LangChain integration for the Brime API (search · extract · research) — tools and retriever
Project description
langchain-brime
Brime API · Docs · LangChain guide · Python SDK · Issues
LangChain meets the live web. Drop the Brime API into any LangChain agent, chain, or RAG pipeline — as three typed tools and a retriever you can plug in unchanged.
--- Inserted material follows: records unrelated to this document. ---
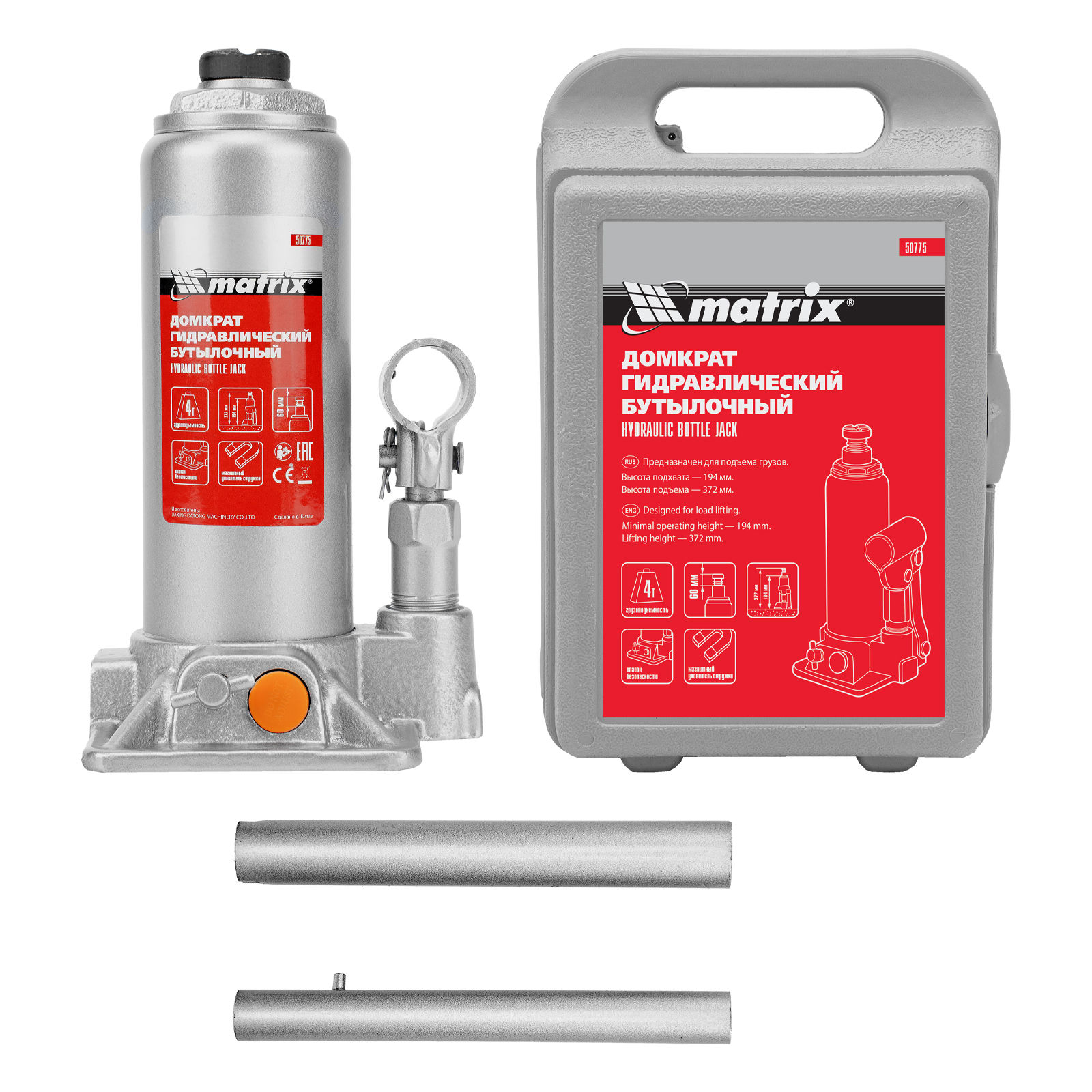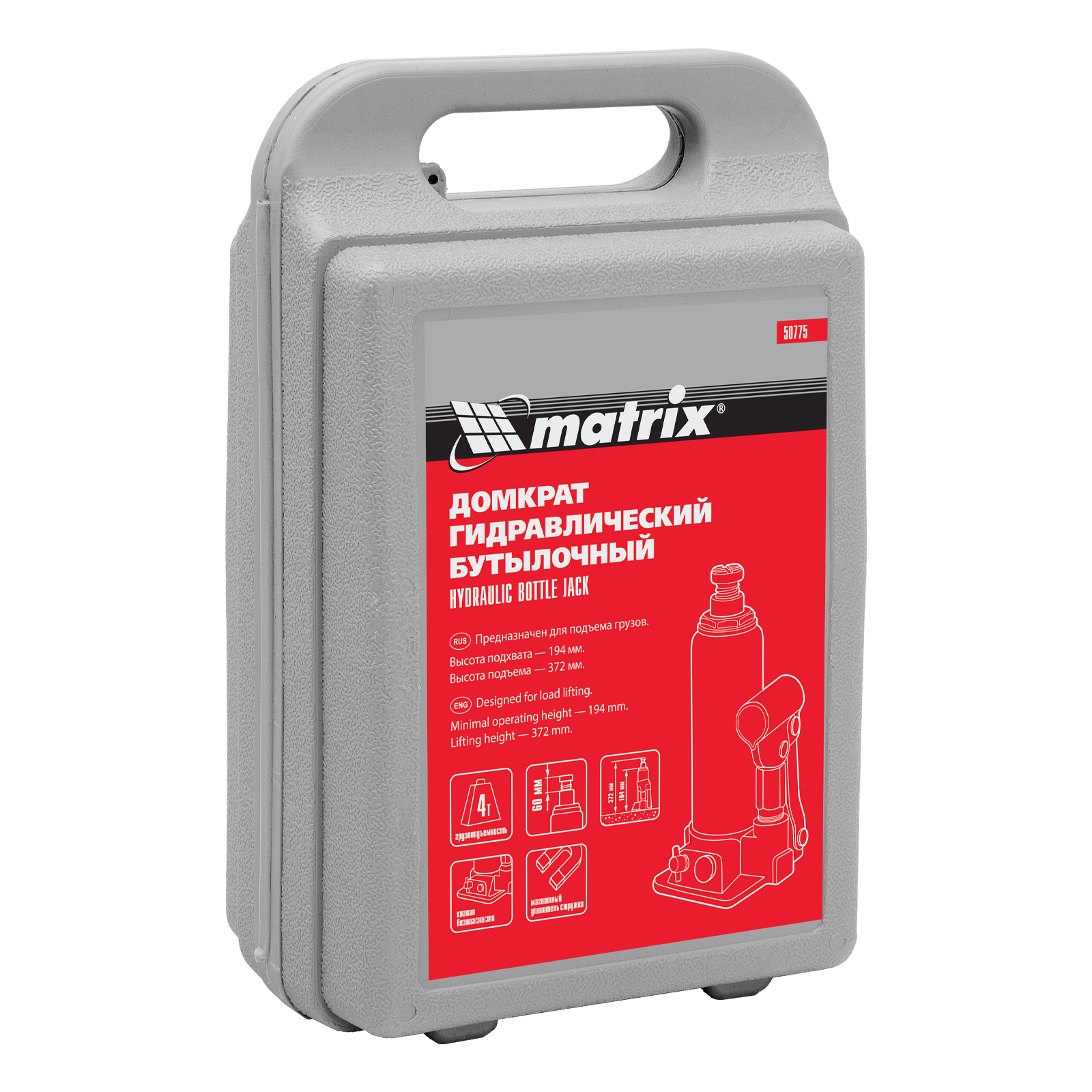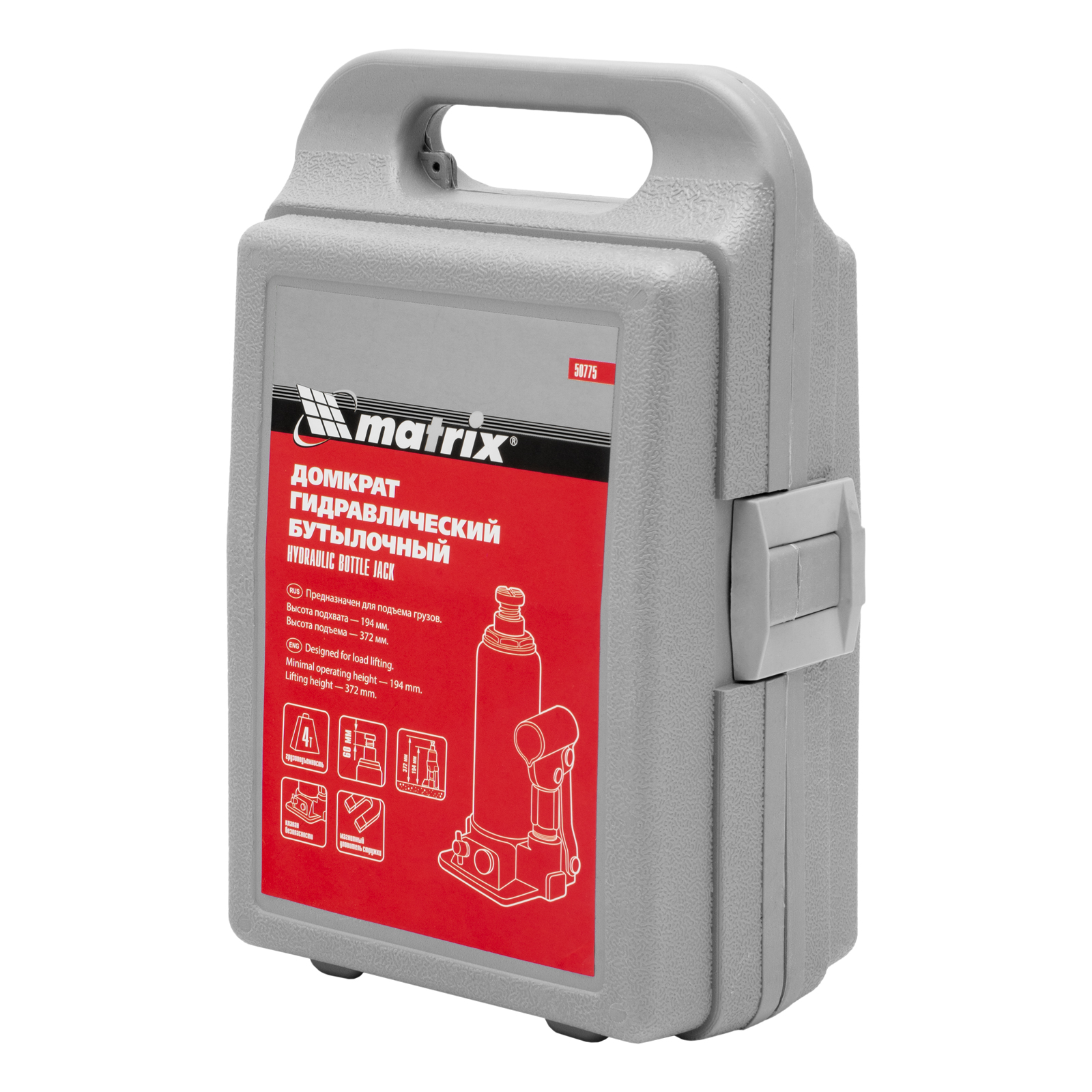 Домкрат гидравлический бутылочный, 4 т, h подъема 194-372 мм, в пластиковом кейсе Matrix в Санкт-Петербурге
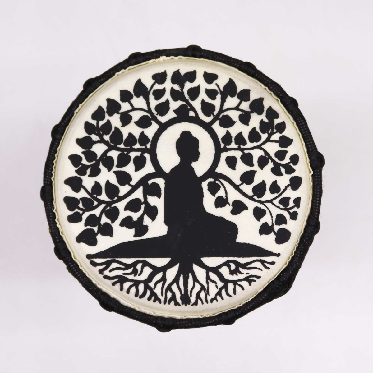 The Buddha design on the drumhead is an artistic element that adds a unique and spiritual dimension to the instrument. Buddha, a central figure in Buddhism, represents enlightenment, peace, and wisdom.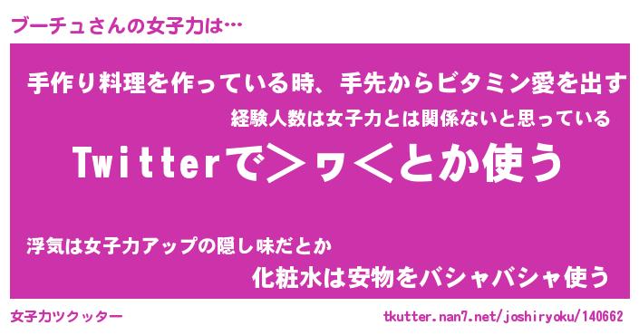 | ファンタジー風あだ名 | 『ブーフェル』『エターナルブーチュー』 |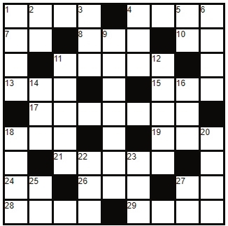 Across 1. Floating platform 4. Damage 7. Short for Edward 8. Frozen water 10. To perform a task 11. Average Joe ____ 13. Homer Simpson’s expression 15. Forbid 17. It keeps food icy 18. Had eaten 19. Pig’s home 21. Interlace 24. Santa laugh 26. Twas ___ Night Before Christmas 27. Rural route (abbr.) 28. Ariel’s human love 29. Armored military vehicle Down 1. You do this with a book 2. Advertisement 3. ___-Tac-Toe 4. Stitch an edge 5. Road 6. Groan 9. Swift wildcat 11. Animal like mouse 12. Extremely overweight 14. Often 16. Sculpture or painting 18. Throbbing pain 20. State: New ____ 22. Et cetera 23. Animal doctor 25. Otherwise 27. Registered nurse |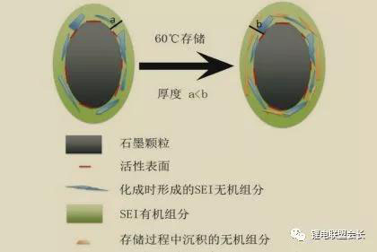 綜上所述,在高溫存儲過程中,嵌鋰態(tài)陽極長期處于低電位狀態(tài),電解液還原反應(yīng)消耗活性鋰離子,最終生成無機鋰鹽;高溫增加了電解液還原反應(yīng)速率,使活性鋰離子大量損失(圖6)。此外,陽極副反應(yīng)產(chǎn)物沉積、SEI膜增厚,造成電極動力學(xué)性能變差。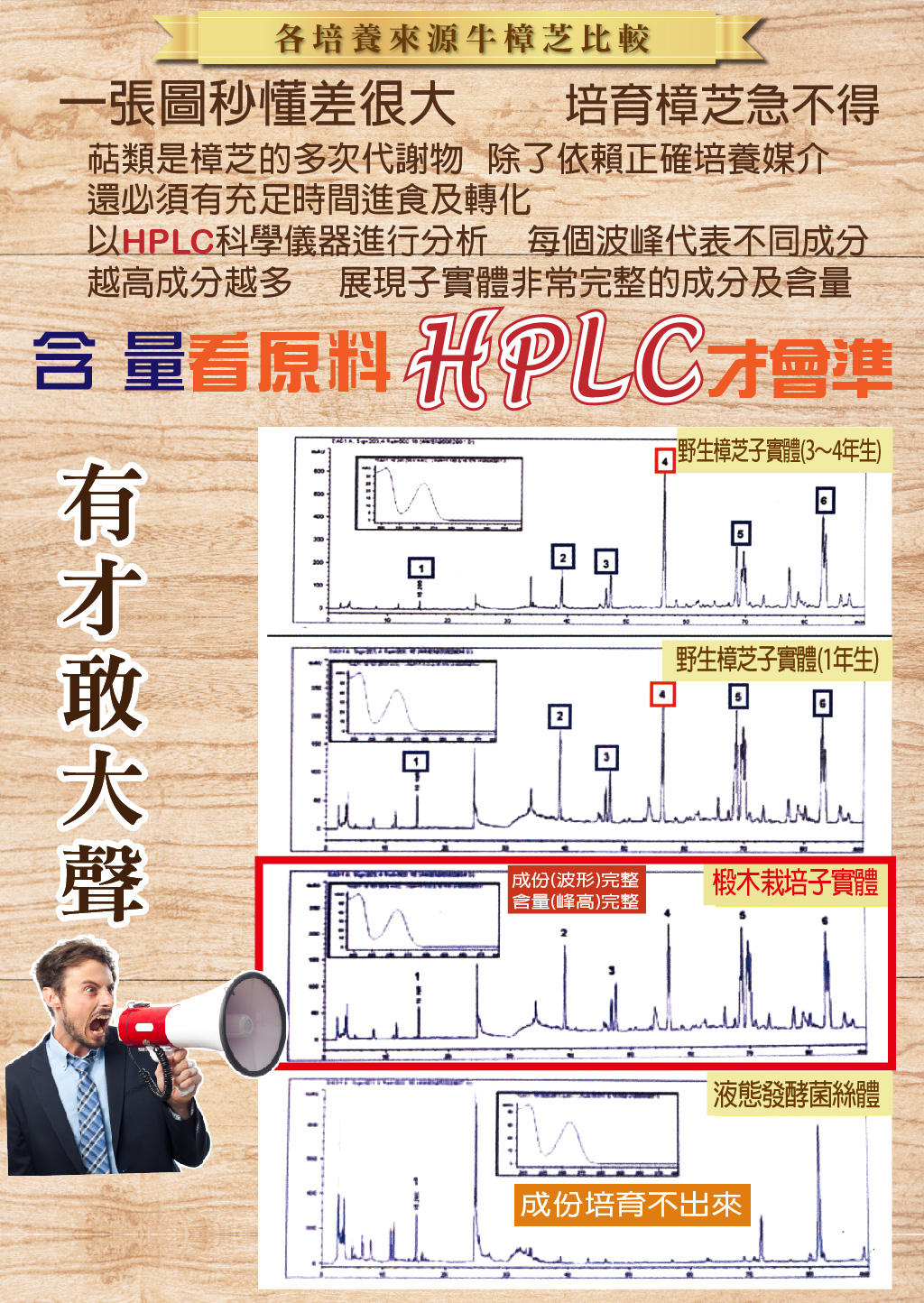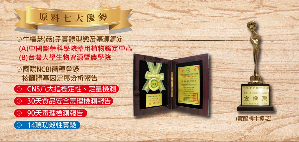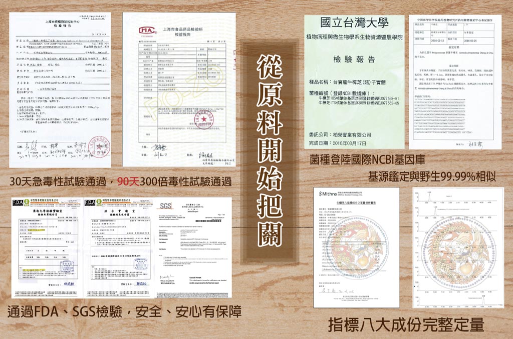 | 八大成分是市售液態、固態栽培及菌絲體的10~100倍 濕、乾菇皆有,另有不同重量販售, 請電洽0931-763968 蔡先生 ---原料優勢--- 榮獲國家品質金像獎、金牌獎 工研院、生技中心合作 14項功效試驗 日本健康食品雜誌、商業週刊、康健雜誌、早安健康報導 經國際NCBI生物基因庫登錄 中國醫學科學院、台大農學院 完整中草藥/天然物基源鑑定 CNS國家標準局 牛樟芝指標成份完整定性定量 衛服部食藥署備查通過 30、90日毒性試驗通過 FDA、SGS重金屬、農藥、黃樟素等多項檢驗通過 最高規格的品質,為您帶來最高品質的健康 |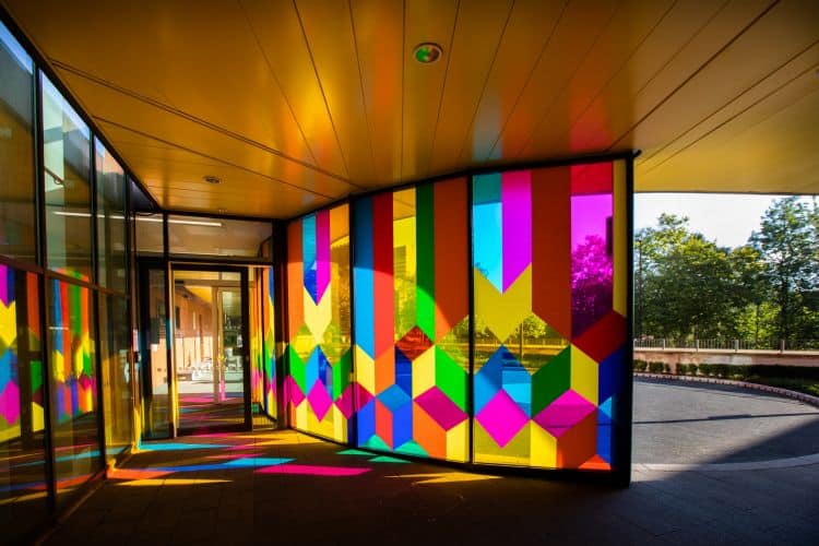 Artfelt, The Children’s Hospital Charity’s arts programme, worked with leading artist and place maker Morag Myerscough to create a riot of colour for the Main Entrance of Sheffield Children’s Hospital. They commissioned Morag to enhance the status of the entrance and provide a welcoming, playful experience for patients visiting their Western Bank site. It looks glorious in the sun!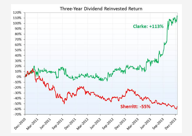 Clarke's latest target is Northern Frontier (FFF-V), an oilpatch services and infrastructure firm. That investment hasn't worked out quite so well -- Northern Frontier shares are down 45% in the past year. Clarke funds own more than 14% of outstanding shares.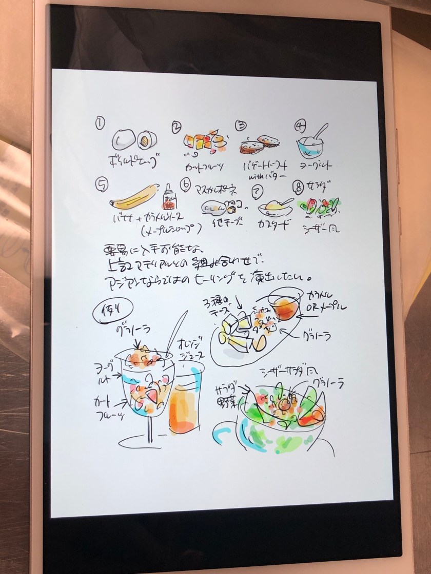 I ate a lot yesterday; therefore, I took a simple breakfast: Fukui sour plum onigiri (rice ball) and a coffee.

pip install langchain-brime
Python 3.9+. Sync and async. Fully typed (py.typed). SecretStr API keys. Actionable agent errors via handle_tool_error. Passes the official LangChain ToolsUnitTests compliance suite.
What you get
| Class | Type | What it does |
|---|---|---|
BrimeSearch |
BaseTool |
Fast SERP search with snippets + synthesised answer. |
BrimeExtract |
BaseTool |
Any URL → clean markdown (HTML / PDF / DOCX / SPA). |
BrimeResearch |
BaseTool |
Multi-round agent research with citations. |
BrimeRetriever |
BaseRetriever |
Live-web retriever for RAG — returns LangChain Documents. |
One API key powers all four. One set of tuned defaults. No knobs to babysit.
30 seconds
from langchain.agents import create_agent
from langchain_brime import BrimeSearch, BrimeExtract
agent = create_agent(
model="anthropic:claude-3-5-haiku-latest",
tools=[BrimeSearch(), BrimeExtract()],
system_prompt="You are a research assistant.",
)
result = agent.invoke({
"messages": [{"role": "user", "content": "What is BM25 ranking? Cite sources."}],
})
print(result["messages"][-1].content)
RAG without the RAG plumbing
BrimeRetriever returns standard LangChain Documents — drop it into any retrieval chain and you're querying the live web with BM25-ranked chunks:
from langchain_brime import BrimeRetriever
from langchain_core.prompts import ChatPromptTemplate
from langchain_core.runnables import RunnablePassthrough
from langchain.chat_models import init_chat_model
retriever = BrimeRetriever(k=5)
llm = init_chat_model("anthropic:claude-3-5-haiku-latest")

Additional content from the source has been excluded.